Over the years, our safety and environmental staff observed that end-of-life disposal, waste minimization, and solvent recycling increasingly guide purchase strategy for many institutional buyers. Because our plant team operates every stage themselves, we not only pass along thoroughly documented disposal guidance, but also adapt processes in response to emerging standards. We shifted much of our internal purification solvent handling away from hazardous regimes years ago, anticipating both regulatory push and customer demand for reduced total environmental impact.
Most chemical offerings are pooled from a handful of outsourcers and then passed through layers of brokers. From our experience, this model weakens traceability and leaves end-users guessing about actual manufacturing provenance and risk. Operating our own synthesis lines, we guarantee origin, chain of custody, and true control over physical and analytical properties batch by batch.
Where third-party traders sometimes overpromise, as direct manufacturers, we account for every gram and track each input. Take the example of a small change in grade for a co-solvent or acid: in our facility, real-time monitoring triggers up-to-the-hour adjustments on the shop floor, and every downstream process is logged and double-checked by staff who work directly with auditors. There’s no hiding behind vague supply network obscurities. So when synthetic chemists ask for batch-specific spectral data or documentation on how a sulfoamide lot was dried, we can answer with direct process history, not guesswork.
Research interests constantly shift—what matters for kinase inhibitor synthesis in one cycle becomes irrelevant for new click chemistry or diagnostic tool development the next. Our facility’s ability to adapt, without the drag of contracting or repackaging delays, rests on the fact that our scientists and operators not only run the equipment but work side-by-side with clients developing emerging protocols. Several pharmaceutical teams sent project teams to our site, watching in-person how we handle deviations in impurity profiles, or rerun crystallizations to rescue a time-sensitive project after the first run failed. That transparency, forged over years of shared successes and the occasional pointed lesson, defines what makes our high-value intermediate solutions meaningful—not as SKUs, but as essential building blocks in tomorrow’s discoveries.

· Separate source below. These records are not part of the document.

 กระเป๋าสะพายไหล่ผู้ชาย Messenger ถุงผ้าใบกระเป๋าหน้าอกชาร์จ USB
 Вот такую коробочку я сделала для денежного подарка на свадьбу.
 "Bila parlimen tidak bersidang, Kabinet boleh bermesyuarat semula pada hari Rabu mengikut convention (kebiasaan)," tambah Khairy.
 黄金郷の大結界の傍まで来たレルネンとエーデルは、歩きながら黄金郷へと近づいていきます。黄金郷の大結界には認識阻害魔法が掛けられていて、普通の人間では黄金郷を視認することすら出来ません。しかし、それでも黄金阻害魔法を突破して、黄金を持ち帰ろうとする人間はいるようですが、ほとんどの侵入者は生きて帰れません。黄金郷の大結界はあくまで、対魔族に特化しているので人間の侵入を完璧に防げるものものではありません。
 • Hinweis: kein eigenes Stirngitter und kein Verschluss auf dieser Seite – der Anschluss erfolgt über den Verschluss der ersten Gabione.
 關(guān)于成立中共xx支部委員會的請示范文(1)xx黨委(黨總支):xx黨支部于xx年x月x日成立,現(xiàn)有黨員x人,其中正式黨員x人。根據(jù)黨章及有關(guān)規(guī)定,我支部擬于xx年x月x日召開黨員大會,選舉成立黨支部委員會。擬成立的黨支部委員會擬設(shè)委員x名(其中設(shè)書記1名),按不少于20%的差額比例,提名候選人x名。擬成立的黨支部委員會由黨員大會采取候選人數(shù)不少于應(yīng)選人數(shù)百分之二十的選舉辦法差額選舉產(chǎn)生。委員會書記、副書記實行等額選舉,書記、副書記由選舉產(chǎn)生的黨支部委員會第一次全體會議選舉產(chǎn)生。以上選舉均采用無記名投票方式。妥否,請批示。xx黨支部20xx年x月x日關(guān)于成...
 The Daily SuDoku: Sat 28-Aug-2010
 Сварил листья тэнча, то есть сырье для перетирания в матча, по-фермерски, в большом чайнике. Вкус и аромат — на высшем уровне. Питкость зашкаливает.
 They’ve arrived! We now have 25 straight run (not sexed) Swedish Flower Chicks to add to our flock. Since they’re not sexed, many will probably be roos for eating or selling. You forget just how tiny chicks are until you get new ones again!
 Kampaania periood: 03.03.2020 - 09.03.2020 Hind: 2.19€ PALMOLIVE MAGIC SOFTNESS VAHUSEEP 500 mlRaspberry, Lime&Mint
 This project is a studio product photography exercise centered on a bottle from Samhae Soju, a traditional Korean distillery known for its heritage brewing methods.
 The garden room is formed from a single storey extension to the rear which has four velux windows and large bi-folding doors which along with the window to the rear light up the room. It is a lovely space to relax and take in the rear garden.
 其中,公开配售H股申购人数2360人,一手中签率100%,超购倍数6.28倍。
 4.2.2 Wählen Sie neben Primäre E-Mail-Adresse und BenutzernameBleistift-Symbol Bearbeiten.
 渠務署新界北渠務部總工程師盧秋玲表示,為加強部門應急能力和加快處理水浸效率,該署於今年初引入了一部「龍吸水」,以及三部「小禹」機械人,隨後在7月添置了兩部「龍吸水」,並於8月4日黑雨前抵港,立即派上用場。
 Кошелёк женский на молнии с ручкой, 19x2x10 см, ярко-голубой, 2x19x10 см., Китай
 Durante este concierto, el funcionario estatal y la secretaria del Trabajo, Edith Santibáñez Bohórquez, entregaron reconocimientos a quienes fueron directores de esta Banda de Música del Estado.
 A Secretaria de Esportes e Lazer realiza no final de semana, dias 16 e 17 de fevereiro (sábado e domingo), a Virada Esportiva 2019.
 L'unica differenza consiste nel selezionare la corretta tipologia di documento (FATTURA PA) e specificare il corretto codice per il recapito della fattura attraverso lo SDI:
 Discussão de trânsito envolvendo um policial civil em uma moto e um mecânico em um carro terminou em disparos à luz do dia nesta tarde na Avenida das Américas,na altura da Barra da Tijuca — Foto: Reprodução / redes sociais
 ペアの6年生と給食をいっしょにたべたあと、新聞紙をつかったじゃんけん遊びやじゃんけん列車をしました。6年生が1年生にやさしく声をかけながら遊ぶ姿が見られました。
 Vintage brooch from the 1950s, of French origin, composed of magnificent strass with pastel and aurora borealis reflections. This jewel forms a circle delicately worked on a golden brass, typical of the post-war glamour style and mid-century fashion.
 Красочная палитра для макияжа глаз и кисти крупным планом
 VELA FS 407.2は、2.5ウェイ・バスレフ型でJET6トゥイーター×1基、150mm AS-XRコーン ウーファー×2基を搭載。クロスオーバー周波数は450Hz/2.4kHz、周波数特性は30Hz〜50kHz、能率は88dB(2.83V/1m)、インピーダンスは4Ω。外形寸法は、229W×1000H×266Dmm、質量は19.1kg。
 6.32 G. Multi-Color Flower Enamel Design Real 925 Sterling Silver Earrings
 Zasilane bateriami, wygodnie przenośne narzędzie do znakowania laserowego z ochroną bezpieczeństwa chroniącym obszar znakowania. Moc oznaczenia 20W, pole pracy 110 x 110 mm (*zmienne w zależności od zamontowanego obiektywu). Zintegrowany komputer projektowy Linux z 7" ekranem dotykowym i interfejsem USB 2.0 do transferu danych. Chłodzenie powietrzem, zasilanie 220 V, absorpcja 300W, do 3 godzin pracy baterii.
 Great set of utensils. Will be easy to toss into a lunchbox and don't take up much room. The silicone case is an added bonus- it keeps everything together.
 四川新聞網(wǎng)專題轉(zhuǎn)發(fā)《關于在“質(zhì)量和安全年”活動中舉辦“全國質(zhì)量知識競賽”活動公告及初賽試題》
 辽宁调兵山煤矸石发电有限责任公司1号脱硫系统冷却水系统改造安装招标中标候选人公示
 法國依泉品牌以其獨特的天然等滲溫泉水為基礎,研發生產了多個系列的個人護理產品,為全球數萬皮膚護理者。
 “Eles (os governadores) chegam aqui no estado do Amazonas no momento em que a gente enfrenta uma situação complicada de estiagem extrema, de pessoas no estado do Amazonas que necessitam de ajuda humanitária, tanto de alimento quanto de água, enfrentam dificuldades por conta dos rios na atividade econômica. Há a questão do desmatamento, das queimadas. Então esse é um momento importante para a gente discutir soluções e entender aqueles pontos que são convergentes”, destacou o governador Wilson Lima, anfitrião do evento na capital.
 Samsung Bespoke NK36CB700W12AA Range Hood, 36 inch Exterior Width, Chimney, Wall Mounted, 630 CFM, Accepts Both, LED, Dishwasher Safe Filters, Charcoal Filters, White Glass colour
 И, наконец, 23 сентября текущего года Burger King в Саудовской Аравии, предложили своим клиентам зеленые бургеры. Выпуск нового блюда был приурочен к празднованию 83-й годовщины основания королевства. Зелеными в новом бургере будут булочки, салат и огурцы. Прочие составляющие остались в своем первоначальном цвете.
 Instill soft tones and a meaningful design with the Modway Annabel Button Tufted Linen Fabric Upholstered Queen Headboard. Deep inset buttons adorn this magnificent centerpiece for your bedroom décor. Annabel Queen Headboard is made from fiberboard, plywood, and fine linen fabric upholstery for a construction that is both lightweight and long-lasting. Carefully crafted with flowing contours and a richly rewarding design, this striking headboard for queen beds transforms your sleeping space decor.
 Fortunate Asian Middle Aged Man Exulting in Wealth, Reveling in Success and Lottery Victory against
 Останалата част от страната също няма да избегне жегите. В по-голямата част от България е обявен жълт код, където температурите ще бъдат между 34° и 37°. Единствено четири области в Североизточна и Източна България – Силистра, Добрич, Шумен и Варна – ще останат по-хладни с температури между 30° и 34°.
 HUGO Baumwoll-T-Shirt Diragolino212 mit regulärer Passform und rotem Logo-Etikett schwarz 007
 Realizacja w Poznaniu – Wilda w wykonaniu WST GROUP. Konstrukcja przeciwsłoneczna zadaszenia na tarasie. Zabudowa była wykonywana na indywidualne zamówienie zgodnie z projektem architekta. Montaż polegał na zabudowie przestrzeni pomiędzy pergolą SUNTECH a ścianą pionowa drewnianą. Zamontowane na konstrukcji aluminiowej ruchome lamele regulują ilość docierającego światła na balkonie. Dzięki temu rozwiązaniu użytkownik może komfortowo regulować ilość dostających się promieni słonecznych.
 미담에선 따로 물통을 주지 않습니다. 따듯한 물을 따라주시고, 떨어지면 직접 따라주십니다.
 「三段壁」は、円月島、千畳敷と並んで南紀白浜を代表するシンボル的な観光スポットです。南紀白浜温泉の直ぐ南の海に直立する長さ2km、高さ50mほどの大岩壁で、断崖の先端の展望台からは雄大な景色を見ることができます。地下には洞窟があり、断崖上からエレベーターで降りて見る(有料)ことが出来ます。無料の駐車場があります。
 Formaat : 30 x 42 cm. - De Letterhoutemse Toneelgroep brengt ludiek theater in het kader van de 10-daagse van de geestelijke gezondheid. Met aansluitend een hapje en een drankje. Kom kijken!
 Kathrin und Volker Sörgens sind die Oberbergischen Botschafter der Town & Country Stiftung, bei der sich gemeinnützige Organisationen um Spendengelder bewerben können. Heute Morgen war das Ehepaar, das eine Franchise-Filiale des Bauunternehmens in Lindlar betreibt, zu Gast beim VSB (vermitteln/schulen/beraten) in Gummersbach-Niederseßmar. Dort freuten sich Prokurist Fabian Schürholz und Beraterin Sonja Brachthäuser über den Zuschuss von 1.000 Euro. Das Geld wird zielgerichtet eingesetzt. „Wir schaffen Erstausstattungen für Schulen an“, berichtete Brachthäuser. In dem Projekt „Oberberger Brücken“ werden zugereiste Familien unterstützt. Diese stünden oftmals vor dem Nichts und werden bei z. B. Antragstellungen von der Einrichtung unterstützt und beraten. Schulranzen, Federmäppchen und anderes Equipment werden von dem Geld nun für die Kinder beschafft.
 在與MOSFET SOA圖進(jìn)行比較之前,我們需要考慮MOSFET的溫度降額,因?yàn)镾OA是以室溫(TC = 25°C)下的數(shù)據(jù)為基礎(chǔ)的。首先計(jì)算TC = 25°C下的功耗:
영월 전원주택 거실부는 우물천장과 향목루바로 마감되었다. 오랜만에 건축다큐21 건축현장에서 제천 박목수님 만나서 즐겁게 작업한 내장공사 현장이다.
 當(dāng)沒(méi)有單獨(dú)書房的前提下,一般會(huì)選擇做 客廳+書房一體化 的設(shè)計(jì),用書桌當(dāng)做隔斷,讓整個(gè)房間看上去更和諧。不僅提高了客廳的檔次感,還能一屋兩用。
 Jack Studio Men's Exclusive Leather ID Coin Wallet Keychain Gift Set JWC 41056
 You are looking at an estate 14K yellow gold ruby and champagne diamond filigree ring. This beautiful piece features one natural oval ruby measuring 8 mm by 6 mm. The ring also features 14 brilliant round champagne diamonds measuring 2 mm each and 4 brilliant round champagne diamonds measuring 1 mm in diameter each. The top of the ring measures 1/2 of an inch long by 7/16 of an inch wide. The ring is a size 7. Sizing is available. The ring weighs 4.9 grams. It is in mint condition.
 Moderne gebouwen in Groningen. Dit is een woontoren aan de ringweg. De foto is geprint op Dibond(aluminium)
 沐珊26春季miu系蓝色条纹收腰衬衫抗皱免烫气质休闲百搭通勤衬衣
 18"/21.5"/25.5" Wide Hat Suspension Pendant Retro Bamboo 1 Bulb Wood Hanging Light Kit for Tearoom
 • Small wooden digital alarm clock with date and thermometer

Our history with [4-(3-Methylphenyl)Amino]Pyridine-3-Sulfoamide taught us that producing specialty intermediates is as much about discipline and experience as about raw molecular design. Every tweak in synthesis or packaging comes backed by actual performance in labs and by feedback from real users tackling genuine research hurdles. Chemists who stake the next stages of their projects on reliable, custom intermediates look for more than just a spec sheet—they look for a manufacturer with the backbone, technical memory, and agility to support every pivot and troubleshoot any unexpected result.
From our vantage point as hands-on producers, this molecule embodies more than chemistry—it acts as a solid link in the chain connecting conceptual R&D, demanding production schedules, regulatory scrutiny, and the ingenuity of scientific research. With every batch, our focus remains grounded in what matters—giving discovery teams and process engineers the practical, reliable foundation they need for breakthroughs.